Task item:
The lines below from the one with "Stielenden mit Draht" up to and including the one with "Die Kinder experimentieren" are what you should set down, exactly and without pictures.

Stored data
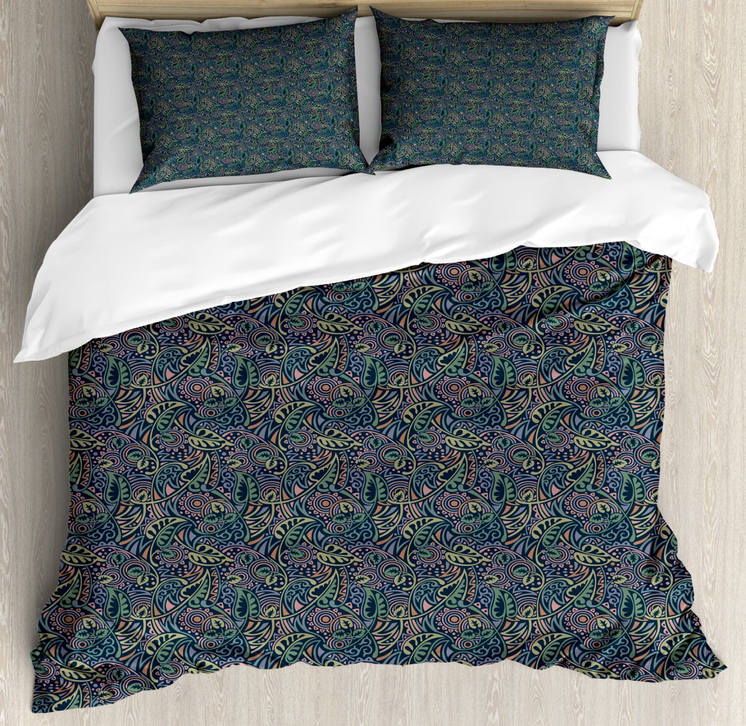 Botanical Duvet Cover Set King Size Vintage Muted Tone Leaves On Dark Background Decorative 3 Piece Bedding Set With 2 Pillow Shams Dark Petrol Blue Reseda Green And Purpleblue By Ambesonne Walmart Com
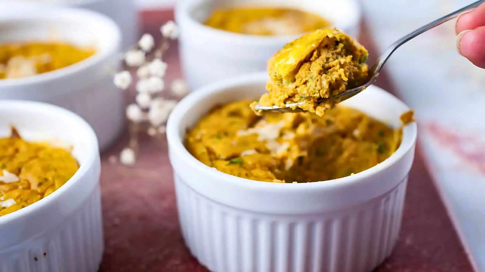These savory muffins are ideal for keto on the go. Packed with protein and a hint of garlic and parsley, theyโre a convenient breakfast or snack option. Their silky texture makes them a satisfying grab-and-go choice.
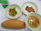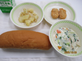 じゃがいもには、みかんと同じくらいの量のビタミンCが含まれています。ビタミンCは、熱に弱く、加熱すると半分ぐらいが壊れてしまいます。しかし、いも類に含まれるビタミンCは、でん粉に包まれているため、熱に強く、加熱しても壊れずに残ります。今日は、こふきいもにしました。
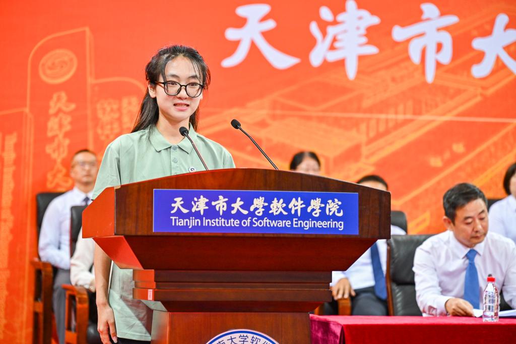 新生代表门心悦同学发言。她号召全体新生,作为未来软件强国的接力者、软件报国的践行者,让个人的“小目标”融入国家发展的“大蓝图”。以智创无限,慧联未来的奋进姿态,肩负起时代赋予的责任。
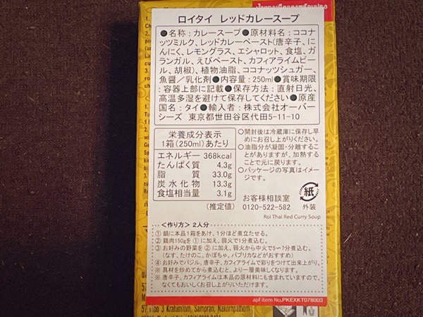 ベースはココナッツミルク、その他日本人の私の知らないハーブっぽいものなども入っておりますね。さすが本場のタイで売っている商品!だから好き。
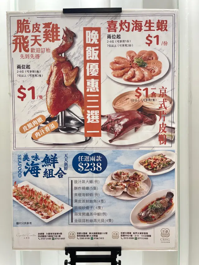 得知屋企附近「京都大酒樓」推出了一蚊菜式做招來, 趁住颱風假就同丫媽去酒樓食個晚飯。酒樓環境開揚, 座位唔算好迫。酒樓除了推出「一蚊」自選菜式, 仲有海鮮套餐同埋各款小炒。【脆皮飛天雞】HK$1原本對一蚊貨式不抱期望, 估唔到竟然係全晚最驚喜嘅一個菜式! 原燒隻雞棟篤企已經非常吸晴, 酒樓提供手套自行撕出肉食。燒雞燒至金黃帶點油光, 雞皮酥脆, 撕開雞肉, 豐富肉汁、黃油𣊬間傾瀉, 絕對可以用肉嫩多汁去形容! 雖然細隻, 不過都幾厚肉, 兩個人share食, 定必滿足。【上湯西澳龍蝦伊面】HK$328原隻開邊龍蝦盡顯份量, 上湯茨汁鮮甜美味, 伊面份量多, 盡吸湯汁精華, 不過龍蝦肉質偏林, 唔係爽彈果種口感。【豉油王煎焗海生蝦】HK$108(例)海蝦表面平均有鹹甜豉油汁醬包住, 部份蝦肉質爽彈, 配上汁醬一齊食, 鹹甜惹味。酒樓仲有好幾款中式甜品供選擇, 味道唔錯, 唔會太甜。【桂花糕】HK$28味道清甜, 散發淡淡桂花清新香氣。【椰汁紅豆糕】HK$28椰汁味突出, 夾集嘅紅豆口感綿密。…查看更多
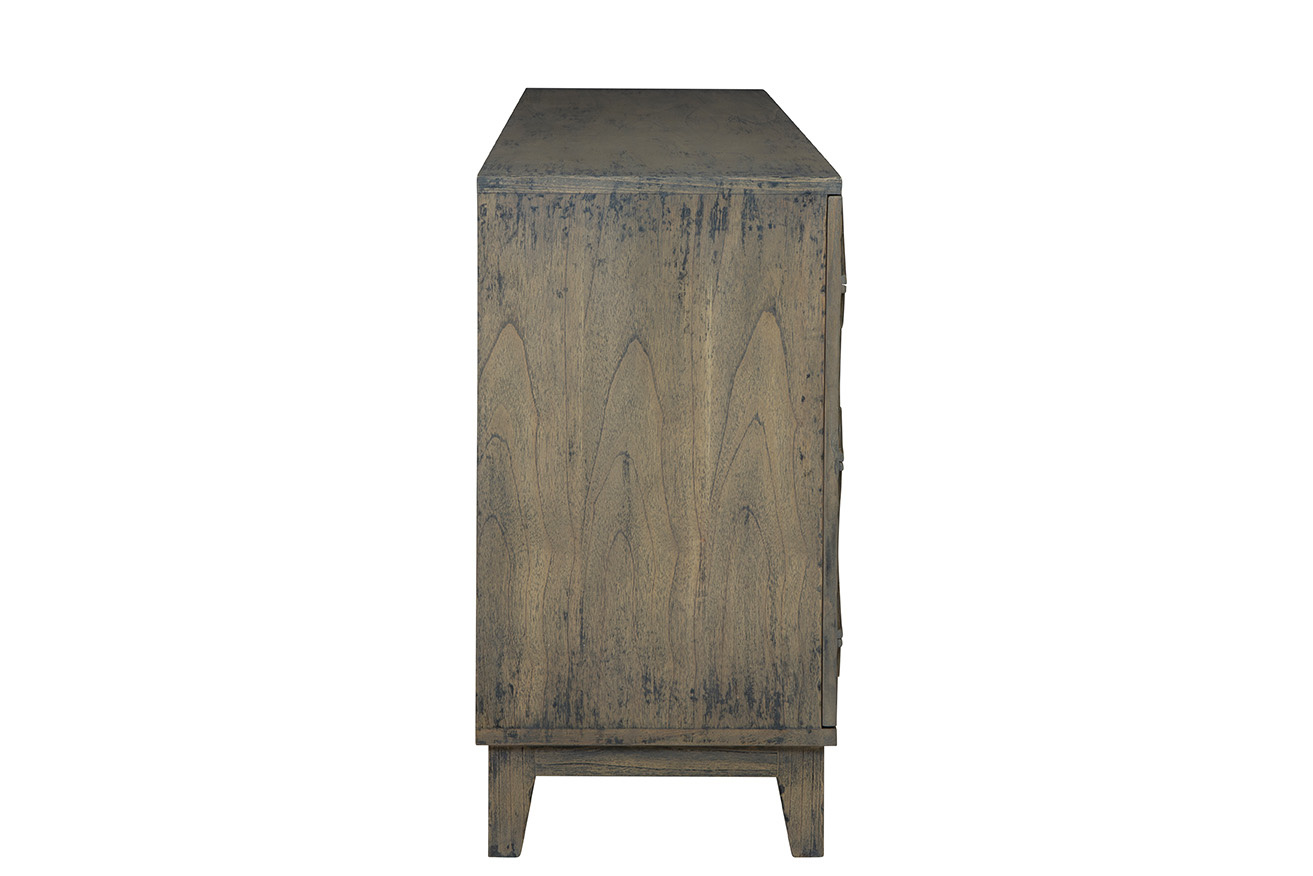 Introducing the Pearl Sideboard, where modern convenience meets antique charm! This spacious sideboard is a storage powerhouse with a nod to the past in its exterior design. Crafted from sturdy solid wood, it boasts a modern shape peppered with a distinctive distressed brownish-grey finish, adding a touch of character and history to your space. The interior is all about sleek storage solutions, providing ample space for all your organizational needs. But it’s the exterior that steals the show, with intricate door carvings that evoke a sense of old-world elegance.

* * *

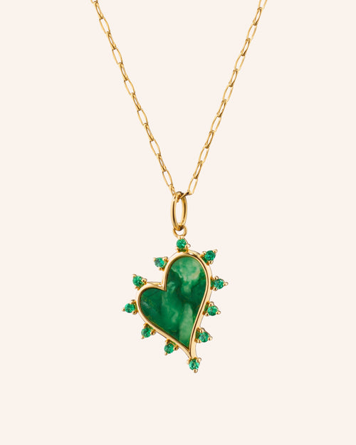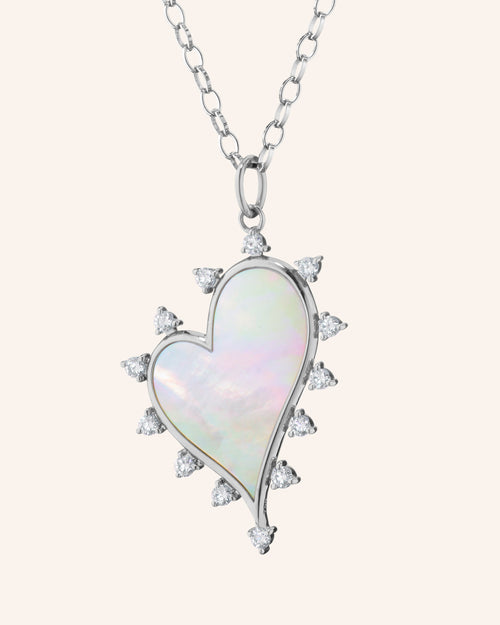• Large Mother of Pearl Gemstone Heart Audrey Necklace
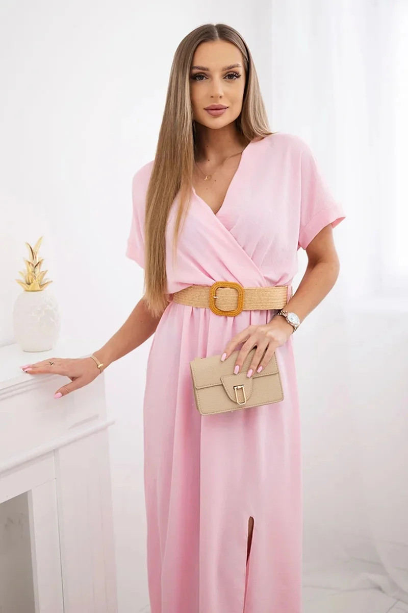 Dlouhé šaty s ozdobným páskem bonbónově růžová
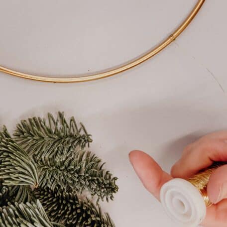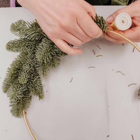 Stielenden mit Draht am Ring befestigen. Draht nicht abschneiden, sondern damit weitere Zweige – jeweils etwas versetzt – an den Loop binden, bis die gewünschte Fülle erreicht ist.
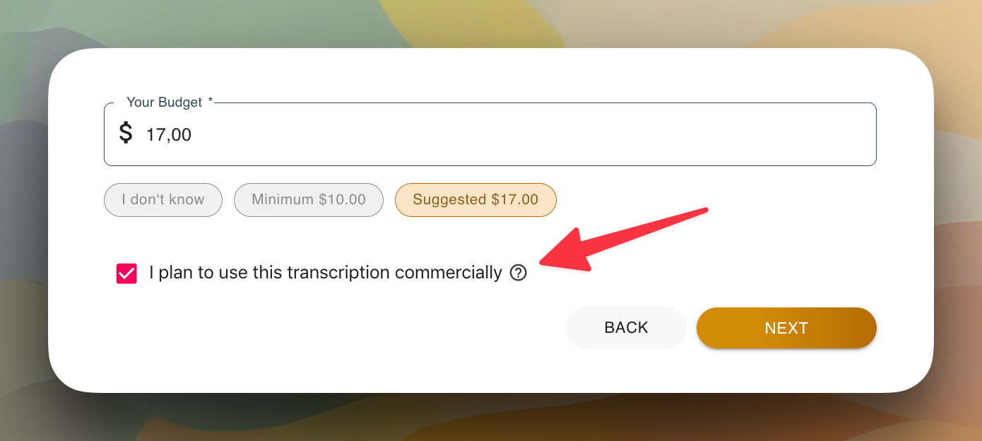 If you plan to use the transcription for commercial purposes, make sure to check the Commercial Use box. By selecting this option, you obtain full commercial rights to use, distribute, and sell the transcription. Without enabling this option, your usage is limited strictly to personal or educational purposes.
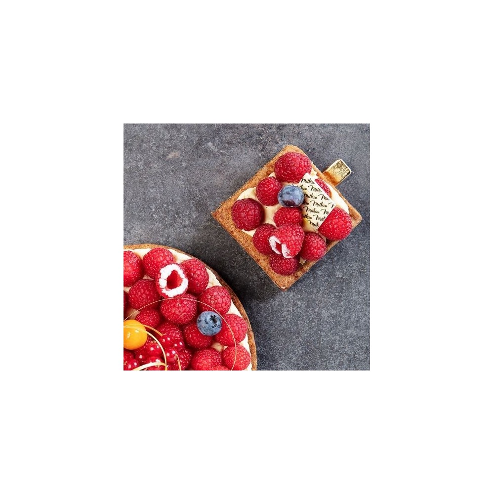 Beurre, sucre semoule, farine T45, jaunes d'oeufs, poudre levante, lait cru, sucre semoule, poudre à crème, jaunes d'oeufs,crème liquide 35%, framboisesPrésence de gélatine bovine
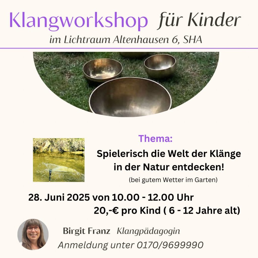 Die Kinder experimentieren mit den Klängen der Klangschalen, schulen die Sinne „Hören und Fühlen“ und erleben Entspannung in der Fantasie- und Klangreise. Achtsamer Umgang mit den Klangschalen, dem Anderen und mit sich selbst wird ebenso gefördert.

Solved problem:
 Stielenden mit Draht am Ring befestigen. Draht nicht abschneiden, sondern damit weitere Zweige – jeweils etwas versetzt – an den Loop binden, bis die gewünschte Fülle erreicht ist.
 If you plan to use the transcription for commercial purposes, make sure to check the Commercial Use box. By selecting this option, you obtain full commercial rights to use, distribute, and sell the transcription. Without enabling this option, your usage is limited strictly to personal or educational purposes.
 Beurre, sucre semoule, farine T45, jaunes d'oeufs, poudre levante, lait cru, sucre semoule, poudre à crème, jaunes d'oeufs,crème liquide 35%, framboisesPrésence de gélatine bovine
 Die Kinder experimentieren mit den Klängen der Klangschalen, schulen die Sinne „Hören und Fühlen“ und erleben Entspannung in der Fantasie- und Klangreise. Achtsamer Umgang mit den Klangschalen, dem Anderen und mit sich selbst wird ebenso gefördert.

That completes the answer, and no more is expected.